“Oh, can we?” said Bird, clasping her hands involuntarily with her old gesture that expressed more joy than she could speak.

At the sound of the second voice, the young girl pushed back the brim of her drooping, rose-trimmed hat and looked up with clear, gray eyes. As she did so Bird recognized her as Marion Clarke, the daughter of the man who spent his summers in the stone house on the hillside beyond Northboro, and it was she who had passed Bird and Lammy on the roadside the day when she had left her old home and, carrying Twinkle, was going to Mrs. Lane’s.

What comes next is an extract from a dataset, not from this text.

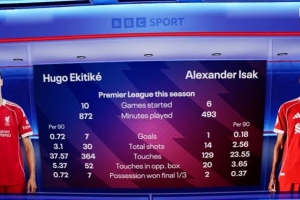 以下為利物浦兩大鋒線新援埃基蒂克、伊薩克本賽季英超數(shù)據(jù)對比,具體如下(括號內(nèi)為每90分鐘數(shù)據(jù)):

But if Bird recognized Marion, the memory was on one side, as it is apt to be where one sees but few faces and the other many. This however did not prevent Marion from holding out her free hand to the younger girl, as she made room for her to pass between the boxes, saying, in a charming voice, low-keyed and softly modulated, yet without a touch of affectation: “If you are fond of flowers and can spare the time, perhaps you would help us this morning; so many of our friends have left the city that we are short-handed. Here is a little box your brother can sit on if he is tired.” Oh, that welcome touch of companionship, and that voice,—it made Bird almost choke, as she said:—

“Billy is my cousin, and I should love to tie the flowers, for Aunt Rose does not expect us back until noon.”

It was one of Marion Clarke’s strong points, young as she was, that she had insight as well as tact. She saw at a glance that these children were not of the ordinary class that play about the streets, interested in every passing novelty, merely because it is new, so she had given Bird a friendly greeting and asked her to help, instead of merely offering the children a bouquet and letting them pass on as objects of charity, no matter how light the gift.

When Bird replied in direct and courteous speech, Marion knew that she had read aright. An ordinary street child of that region would have said, “I dunno ’s I will,” or “What ’ll ye give me ’f I do?” or perhaps declined wholly to answer and bolted off after grabbing a handful of flowers.

“Aunt Laura, will you let us have some string? There, see, it is cut in lengths, so that you can twist it around twice and tie it so. I do wish people would tie up their flowers before they send them, they would keep so much better; but as they do not, we have to manage as best we may.

“Oh, how nicely you do it,” she continued, as Bird held up her first effort for approval,—a dainty bouquet of mignonette, a white rose, and some pink sweet-william, with a curved spray of honeysuckle to break the stiffness.

“So many people put the wrong colours together, and tie the flowers so tight that it seems as if it must choke the dear things,—see, like this,” and Marion held up a bunch in which scarlet poppies and crimson roses were packed closely together without a leaf of green.

“Yes, I understand; those colours—hurt,” Bird answered, groping for a word and finding exactly the right one.